Zhang et al. (2023d) propose Writing-Alpaca- 7B that fine-tunes LLaMa-7B on the writing instruction dataset to provide writing assistance. The proposed instruction dataset is an extension of the EDITEVAL benchmark based on instructional data, with the Updating task removed and a task for grammaticality introduced. The instruction scheme strictly follows the one in the Stanford Alpaca project, comprising a universal preface, an instruction field to guide task completion, an input field that provides the text to be edited, and a response field that requires models to fill out. The Writing-Alpaca-7B improves upon LLaMa’s performance on all writing tasks and outperforms other larger off-the-shelf LLMs.
CoEdIT (Raheja et al., 2023) finetunes FLANT5 (770M parameters, 3B parameters, and 11B parameters) on the instruction dataset for text editing to provide writing assistance. The instruction dataset comprises approximately 82K<instruction: source, target> pairs. As shown in Figure 9, the model takes instructions from the user specifying the characteristics of the desired text, such as "Make the sentence simpler", and outputs the edited text. CoEdIT achieves state-of-the-art performance on several text editing tasks, including grammatical error correction, text simplification, iterative text editing, and three stylistic editing tasks: formality style transfer, neutralization, and paraphrasing. Furthermore, it can generalize well to new, adjacent tasks not seen during fine-tuning.

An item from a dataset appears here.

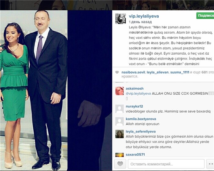 Publika.az xəbər verir ki, bu barədə Azərbaycan prezidentinin qızı Leyla Əliyeva İnstagram səhifəsində yazıb.

CoPoet (Chakrabarty et al., 2022) is a collaborative poetry writing tool that utilizes a large language model (e.g. T5-3B, T5-11B and T0-3B models) trained on a diverse collection of instructions for poetry writing. Each sample in the instruction dataset includes an <instruction, poem_line> pair. There are three major types of instructions: Continuation, Lexical Constraints, and Rhetorical Techniques. The CoPoet is guided by user instructions that specify desired attributes of the poetry, such as writing a sentence about "love" or ending a sentence with "fly." Not only is the system competitive with publicly available LLMs trained on instructions, such as InstructGPT, but it is also capable of satisfying unseen compositional instructions.

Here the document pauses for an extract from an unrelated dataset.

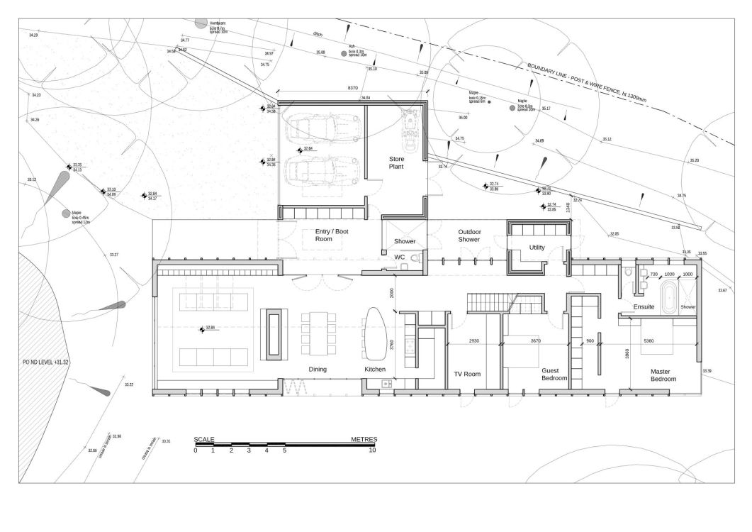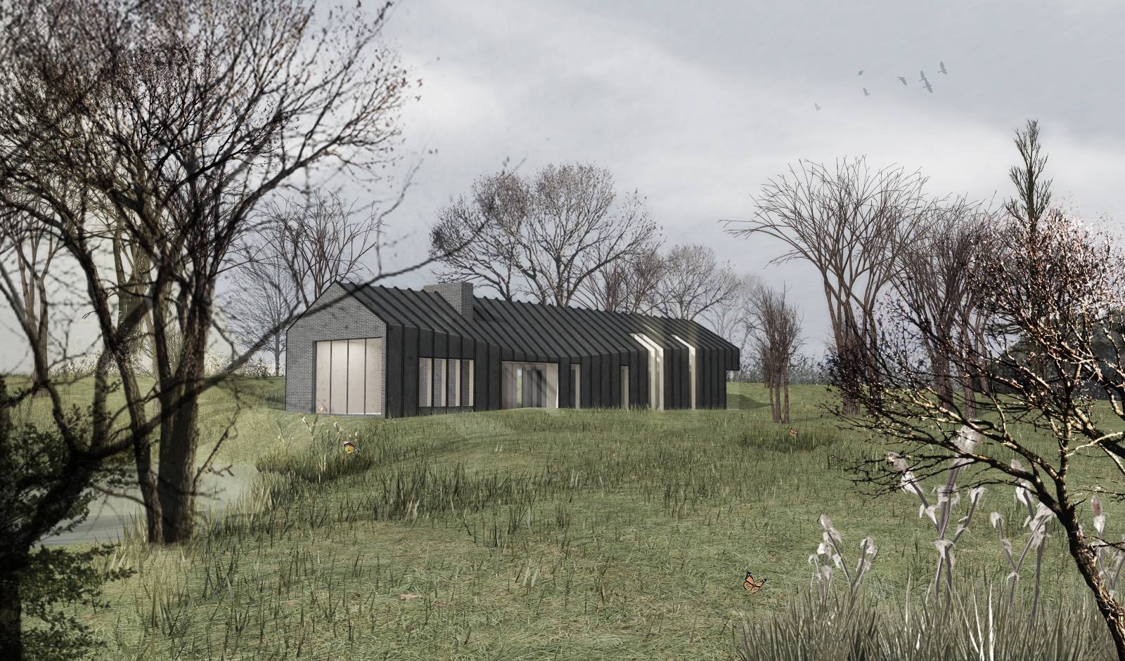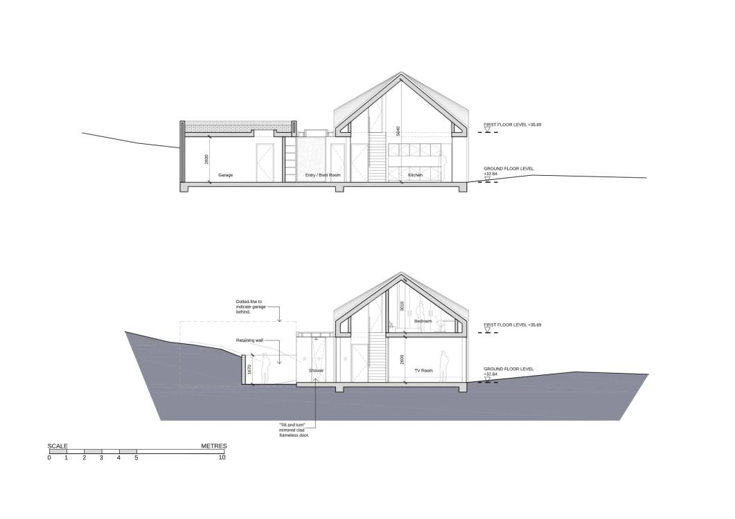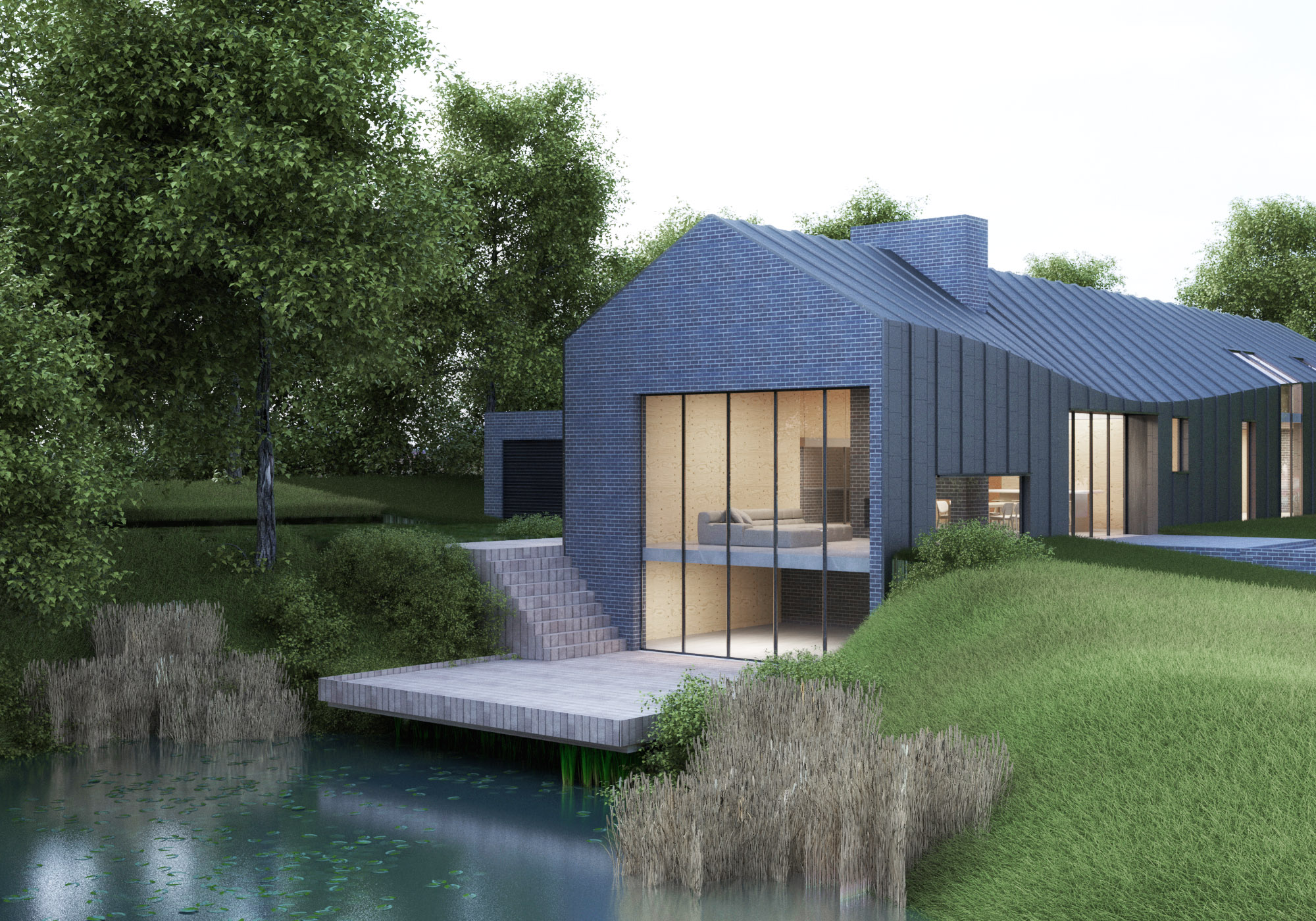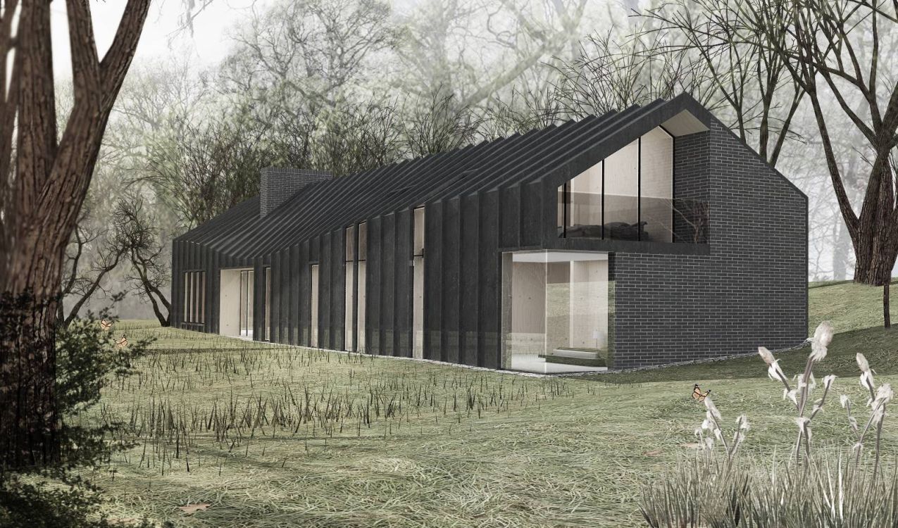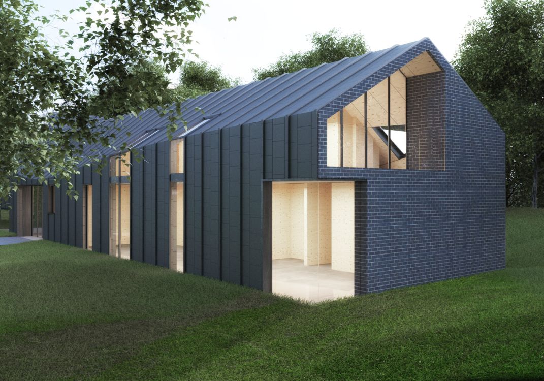 Therefore, the majority of the residence is clad in colour coated metal panels with the two, end elevations and garage in locally sourced brick.

Radiology-GPT (Liu et al., 2023c) is a fine-tuned Alpaca-7B model for radiology, which utilizes an instruction tuning approach on an extensive dataset of radiology domain knowledge. Radiology reports usually include two corresponding sections: "Findings" and "Impression". The "Findings" section contains detailed observations from the radiology images, while the "Impression" section summarizes the interpretations drawn from those observations. Radiology-GPT provides a brief instruction to the "Findings" text: "Derive the impression from findings in the radiology report". The "Impression" text from the same report serves as the target output. In comparison to general language models such as StableLM, Dolly, and LLaMA, Radiology-GPT demonstrates significant versatility in radiological diagnosis, research, and communication.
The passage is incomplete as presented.